Repotnya, program yang telah dirancang sejak kabinet Natsir dan praktiknya sudah melenceng jauh ini ternyata diteruskan dengan penuh semangat oleh Mr. Iskaq Tjokroahadisuryo,  seorang tokoh ultranasionalis pendiri PNI yang menjabat menteri perekonomian pada masa Kabinet Ali Sastroamijoyo I (Agustus 1953-November 1954). Berawal dari Program Benteng, importir aktentas menjualnya lisensi impor yang telah dikantonginya kepada pedagang Cina. Kerjasama inilah yang kemudian dikenal dengan nama program Ali-Baba. ‘Ali’ sebagai idiom untuk pengusaha pribumi, dan ‘Baba’ mewakili pedagang Cina. Eksperimen untuk mengangkat nasib pengusaha pribumi  berubah menjadi arena korupsi dan kolusi. Bank Negara Indonesia diharuskan membiayai program pribumiisasi tersebut, meskipun alternatif pembiayaan dalam bentuk bursa efek telah dibuka pada saat itu (tahun 1952), tetapi pengusaha pribumi tidak berminat karena telah terbiasa dengan kredit bank, yang dananya berasal dari pemerintah juga. Program Benteng akhirnya secara resmi dihentikan pada tahun 1957 oleh Menteri Perekonomian, Ir. Rooseno Surjohadikusumo, atas dasar menghilangkan diskriminasi rasial dalam praktik perekonomian negara. 
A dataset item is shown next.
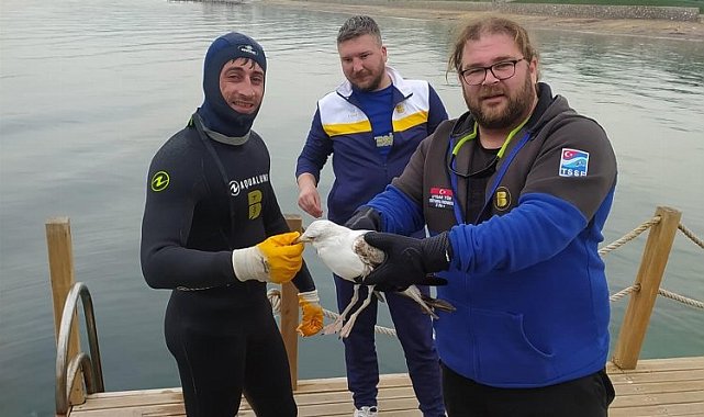 Balıkesir Büyükşehir Belediyesi Gömeç Dalış Köyü açıklarında balıkçıların kullandığı kancalı sahte maket yeme takılarak boğulmak üzere olan bir martı, Dalış Köyü görevlisi Burak Gürcan sayesinde kurtarılarak yeniden doğal ortamına salındı.BALIKESİR (İGFA) - Balıkesir Büyükşehir Belediyesi Gömeç Dalış Köyü açıklarında uçamayan ve boğulmak üzere olan bir martı, Dalış Köyü'nde görevli Burak Gürcan'ın dikkati sayesinde kurtarılarak yeniden hayata döndü. Martının suyun içerisinde çırpınışlarını gören Gürcan, suya hemen atlayarak martıyı kıyıya çıkardı. Gürcan, martının misina ipine dolandığını ve at-çek (spin) balık avcılarının kullandığı kancalı sahte maket yeme yakalandığını fark etti. Martıya zarar vermeden misinayı ve sahte maketi martının gagasından çıkartan Gürcan, daha sonra martıyı yeniden doğaya saldı. MİSİNA VE MAKET YEMLER ÖLÜMCÜL BİR TUZAK Gömeç'in su altı güzelliklerini dünyaya tanıtmak ve dalış eğitimi vermek için görev yapan Gürcan, balık tutkunlarına seslenerek, "Lütfen, kopan misinalarınızı, sahte maketlerinizi denizde ve deniz kıyısında bırakmayın! Martı ve kediler için ölümcül bir tuzak olabiliyor. Son anda fark etmemiz sayesinde martı kurtuldu ve yeniden doğal ortamına kavuştu" dedi.

[1] lihat antara lain Yoshihara Kunio, Kapitalisme Semu Asia Tenggara, hal. 193, atau Wanda Mulya, Struktur Perdagangan Sejak Pelaksanaan Ekonomi Terpimpin, dalam Pemikiran dan Permasalahan Ekonomi di Indonesia, jilid 2, hal. 207
[2] Margono Djojohadikusumo Presiden Direktur BNI, ditetapkan untuk merangkap jabatan yang sama di BIN. Selama periode 1952-1955, BIN telah membiayai beberapa pembangunan industri ringan dan berat sekaligus.